La propia dinámica evolutiva natural del virus genera este tipo de deleciones genéticas. Dentro del genotipo II, ya se habían descrito deleciones en la misma región con diferente extensión y afectación de genes, tanto en África (Ambagala y col., 2023), como en Europa (Zani y col., 2018; Torresi y col., 2025).

Esta deleción es usada en algunos candidatos vacunales. ¿quiere decir que no se puede dar de manera natural?
Este tipo de deleciones en el genoma del VPPA se dan de manera natural y también pueden generarse en laboratorio para crear algunos candidatos vacunales. Cabe destacar que hoy en día, durante el protocolo de desarrollo de un candidato vacunal en laboratorio, en la mayoría de los casos se incluye en el genoma del virus un marcador exógeno (por motivos técnicos) que permite diferenciarlo de la cepa original. Por lo tanto, los candidatos vacunales son fácilmente identificables mediante secuenciación. La cepa Sp25 no presenta ningún tipo de marcador exógeno. Además, la mayoría de los candidatos vacunales se generan a partir de un pequeño grupo de cepas de laboratorio muy similares entre si y al primer aislado del actual brote, Georgia2007.
¿Es frecuente la recombinación entre distintas cepas de PPA?
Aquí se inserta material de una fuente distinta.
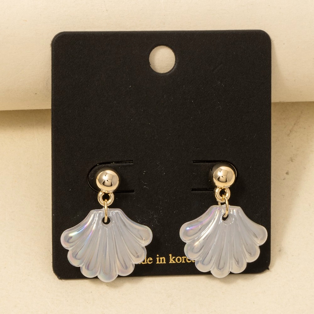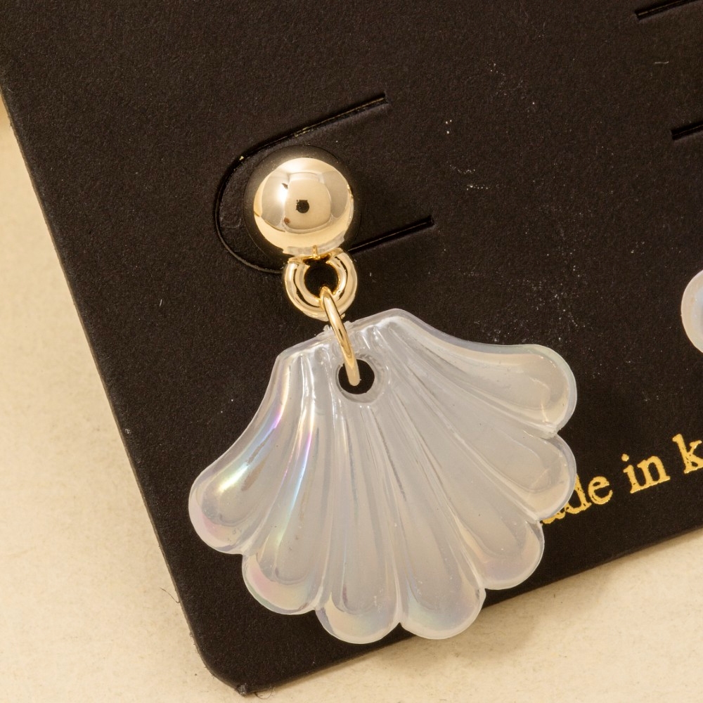 Metallic Accent Sea Shell And Fridge Stud Dangle Earrings

Para que estas recombinaciones tengan lugar una célula del huésped se ha de infectar de forma simultánea con dos cepas distintas. No es un fenómeno tan habitual como sucede en virus RNA con genoma fragmentado (como es el caso del virus de la gripe) pero sí ocurre con el VPPA. En China han sido reportadas recombinaciones entre los genotipos I y II (Zhao y col., 2023) y que el mismo virus recombinante se ha diseminado a otros países (Rusia y Vietnam). Lógicamente, cuantas más cepas distintas estén circulando en una misma área, mayor es la posibilidad que dichas recombinaciones se produzcan. El patrón de mutaciones detectadas en la cepa de Collserola está distribuido a lo largo de todo el genoma, y no en una región limitada, haciendo improbable un origen por recombinación.
Se habla mucho de que la cepa detectada en Barcelona no es muy virulenta. ¿Es realmente así?
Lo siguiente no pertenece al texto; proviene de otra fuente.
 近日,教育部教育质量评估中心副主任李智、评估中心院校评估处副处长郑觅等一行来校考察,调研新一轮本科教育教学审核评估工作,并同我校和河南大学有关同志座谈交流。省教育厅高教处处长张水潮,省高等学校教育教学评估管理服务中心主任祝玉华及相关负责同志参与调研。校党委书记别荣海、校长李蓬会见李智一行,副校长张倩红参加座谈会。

La deleción identificada en la cepa Sp25 podría estar asociada a una menor virulencia, como se ha demostrado en otras cepas con deleciones afectando está región. No obstante, hay ejemplos de cepas muy virulentas con deleciones similares, y por tanto no es concluyente. La virulencia de la cepa Sp25 solo se podrá valorar cuando se realice una infección experimental en cerdos o jabalíes, bajo condiciones controladas.
La única certeza que tenemos ahora mismo es que es una cepa letal en jabalíes y que el patrón de enfermedad observado es comparable al descrito en otros brotes europeos causados por cepas clasificadas como de elevada virulencia.
En la figura 2 podemos observar una reconstrucción temporal de los casos de jabalíes en el presente brote de PPA, teniendo en cuenta que la fecha de hallazgo del cadáver no suele coincidir con la fecha de la muerte del animal. En cada caso, se presenta un intervalo temporal plausible de la muerte del jabalí, estimado a partir del estado de conservación del cadáver. Así, pese a que la fecha exacta de las primeras muertes no se puede determinar con precisión, los intervalos estimados en el caso de los primeros cadáveres nos indican que la mortalidad asociada al brote se inició meses antes de la detección del primer caso, probablemente, alrededor del mes de septiembre. Así, el VPPA circuló sin ser detectado durante un periodo inicial, factiblemente de manera baja pero sostenida hasta que fue detectada. La fase inicial del brote, de progresión lenta, corresponde a la introducción y establecimiento del VPPA en la población de jabalíes, seguida de una fase epidémica en la que se observa un cambio en la pendiente de la curva. Cabe destacar, que esta evolución del brote no dista mucho de la observada en brotes recientes en Europa.